# Dankung Lucky Rings X-small ... growing up



## T22T (Jun 20, 2014)

This is the Lucky Rings X-small :










This is a nice shooter but made for baby hands, well I love the narrow forks but the handle is useless.

therefore I did this :










The metal handle ends where the top of the new pinky hole is (the wood is Zirocote).

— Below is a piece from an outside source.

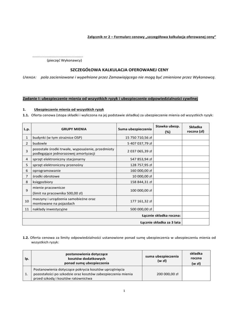 Załącznik nr 2 – Formularz cenowy „szczegółowa kalkulacja oferowanej ceny” .................................................. (pieczęć Wykonawcy) SZCZEGÓŁOWA KALKULACJA OFEROWANEJ CENY UWAGA: pola zacieniowane i wypełnione przez Zamawiającego nie mogą być zmienione przez Wykonawcę. Zadanie I: ubezpieczenie mienia od wszystkich ryzyk i ubezpieczenie odpowiedzialności cywilnej 1. Ubezpieczenie mienia od wszystkich ryzyk 1.1. Oferta cenowa (stopa składki i wyliczona na jej podstawie składka) za ubezpieczenie mienia od wszystkich ryzyk: L.p. GRUPY MIENIA Suma ubezpieczenia 1 budynki (w tym strażnice OSP) 2 budowle 5 407 037,79 zł 3 pozostałe środki trwałe, wyposażenie, przedmioty podlegające jednorazowej amortyzacji 2 037 065,39 zł 4 sprzęt elektroniczny stacjonarny 547 853,94 zł 5 sprzęt elektroniczny przenośny 128 757,95 zł 6 oprogramowanie 160 000,00 zł 7 środki obrotowe 10 000,00 zł 8 księgozbiory 9 10 Stawka ubezp. (%) Składka roczna (zł) 15 750 710,56 zł 158 844,31 zł mienie pracownicze 100 000,00 zł (limit na pracownika 500,00 zł) maszyny i urządzenia samobieżne oraz montowane na pojazdach 177 161,32 zł 11 nakłady inwestycyjne 500 000,00 zł Łącznie składka roczna: Łącznie składka za 3 lata 1.2. Oferta cenowa za limity odpowiedzialności ustanowione ponad sumę ubezpieczenia w ubezpieczeniu mienia od wszystkich ryzyk: lp. 1. postanowienia dotyczące kosztów dodatkowych ponad sumę ubezpieczenia suma ubezpieczenia (w zł) Postanowienia dotyczące pokrycia kosztów uprzątnięcia pozostałości po szkodzie oraz kosztów zabezpieczenia mienia przed szkodą i kosztów ratownictwa 1 200 000,00 zł składka roczna (w zł) 2. Postanowienia dotyczące pokrycia kosztów rzeczoznawców 20 000,00 zł 3. Postanowienia dotyczące pokrycia kosztów identyfikacji miejsc awarii 20 000,00 zł 4. Postanowienia dotyczące kosztów restytucji dokumentów 50 000,00 zł 5. Postanowienia dotyczące pokrycia kosztów odtworzenia danych i oprogramowania 50 000,00 zł Łącznie składka roczna: Łącznie składka za 3 lata 1.3. Lp. Rodzaj ubezpieczenia Składka za 3 lata (w zł) 1. Oferta cenowa za ubezpieczenie mienia od wszystkich ryzyk (pkt. 1.1.) 2. Oferta cenowa za limity ponad sumę ubezpieczenia w ubezpieczeniu mienia od wszystkich ryzyk (pkt. 1.2.) Łącznie: 2. Ubezpieczenie odpowiedzialności cywilnej Oferta cenowa za ubezpieczenie odpowiedzialności cywilnej wynikającej z prowadzonej działalności i posiadanego mienia: Lp. 1 Przedmiot ubezpieczenia Składka roczna (w zł) Suma gwarancyjna Ubezpieczenie odpowiedzialności cywilnej wynikającej z prowadzonej działalności i posiadanego mienia z uwzględnieniem klauzul, o których mowa w SIWZ 1 000 000,00 zł Łącznie składka za 3 lata 3. RAZEM do przeniesienia do Formularza „Oferta” – Zadanie I Lp. Przedmiot ubezpieczenia Składka za 3 lata (w zł) 1 Oferta cenowa za ubezpieczenie mienia od wszystkich ryzyk (pkt. 1.3) 2 Oferta cenowa za ubezpieczenie odpowiedzialności cywilnej (pkt. 2) Łącznie: do przeniesienia do Formularza „Oferta” 2 Zadanie II: ubezpieczenie następstw nieszczęśliwych wypadków Lp. Ubezpieczony Liczba ubezpieczonych 1 Członkowie Ochotniczej Straży Pożarnej oraz Młodzieżowych Drużyn Pożarniczych 120 Suma ubezpieczenia 10 000,00 zł/ os. Składka roczna za osobę w zł Łącznie składka roczna (w zł) Łącznie składka za 3 lata: do przeniesienia do Formularza „Oferta” Zadanie III: ubezpieczenie pojazdów Obowiązkowe ubezpieczenie OC posiadaczy pojazdów mechanicznych L.p. 1. 2. 3. 4. 5. 6. Rodzaj pojazdu ciężarowe pożarnicze przyczepy Pozostałe: wolnobieżne, rolnicze Ciągnik siodłowy Wóz asenizacyjny Liczba pojazdów Składka OC za pojazd Składka OC za wszystkie pojazdy 2 16 4 ciągniki 5 1 1 Łącznie składka roczna: Ubezpieczenie Autocasco L.p. Rodzaj pojazdu 1. 2. 3. ciężarowe pożarnicze przyczepy Pozostałe: wolnobieżne, ciągniki rolnicze Ciągnik siodłowy Wóz asenizacyjny 4. 5. 6. Liczba pojazdów 2 16 4 Łączna suma ubezpieczenia 47 400,00 zł 1 721 485,00 zł 2 800,00 zł 5 408 045,00 zł 1 1 23 750,00 zł 52 933,05 zł Stawka AC Składka AC za wszystkie pojazdy Łącznie składka roczna: Ubezpieczenie NNW L.p. 1. 2. 3. 4. 5. 6. Rodzaj pojazdu ciężarowe pożarnicze przyczepy Pozostałe: wolnobieżne, rolnicze Ciągnik siodłowy Wóz asenizacyjny ciągniki Liczba pojazdów Składka NNW za pojazd Składka NNW za wszystkie pojazdy 2 16 4 x x x x 5 1 1 3 Łącznie składka roczna: RAZEM do przeniesienia do Formularza „Oferta” – Zadanie III Lp. 1. 2. 3. Rodzaj ubezpieczenia Składka (w zł) Oferta cenowa za obowiązkowe ubezpieczenie OC posiadaczy pojazdów mechanicznych Ubezpieczenie Autocasco Ubezpieczenie NNW Łącznie składka roczna: Łącznie składka za 3 lata: do przeniesienia do Formularza „Oferta” L.p. Nazwa(y) Wykonawcy(ów) Nazwisko i imię osoby(osób) upoważnionej(ych) do podpisania niniejszej oferty w imieniu Wykonawcy (ów) Podpis(y) osoby (osób) upoważnionej(ych) do podpisania niniejszej oferty w imieniu Wykonawcy(ów) 4 Pieczęć(cie) Wykonawcy (ów) Miejscowość i data

Now I am in business - It came out as a small shooter but with new serious character.










Comparison :

Left is the Lucky rings small ergo and right the x small.



















What do you think ?


----------



## S.S. sLinGeR (Oct 17, 2013)

Looks great!


----------



## leon13 (Oct 4, 2012)

thats a cool pimpin slingshot solution ;-)

cheers


----------



## Aries666 (Feb 22, 2014)

I think I want one now????
In fact before I bought my old lucky ring I asked dankung if the could make a custom one with wood grip but they said they don't do that kind of thing...lame


----------



## T22T (Jun 20, 2014)

Aries666 said:


> I think I want one now In fact before I bought my old lucky ring I asked dankung if the could make a custom one with wood grip but they said they don't do that kind of thing...lame


It is actually quite easy to make the handle if you have some nice wood scales and a simple V (or U) carving tool and carving knife, some sandpaper ...

With the longer handle if you like narrow forks (as I do) it is actually a very good shooter now.


----------



## DogBox (Aug 11, 2014)

Now you've got a hold on things! Nice choice of wood to contrast with the polished metal.


----------



## kwinpr (Sep 25, 2014)

Cool...makes me want one now


----------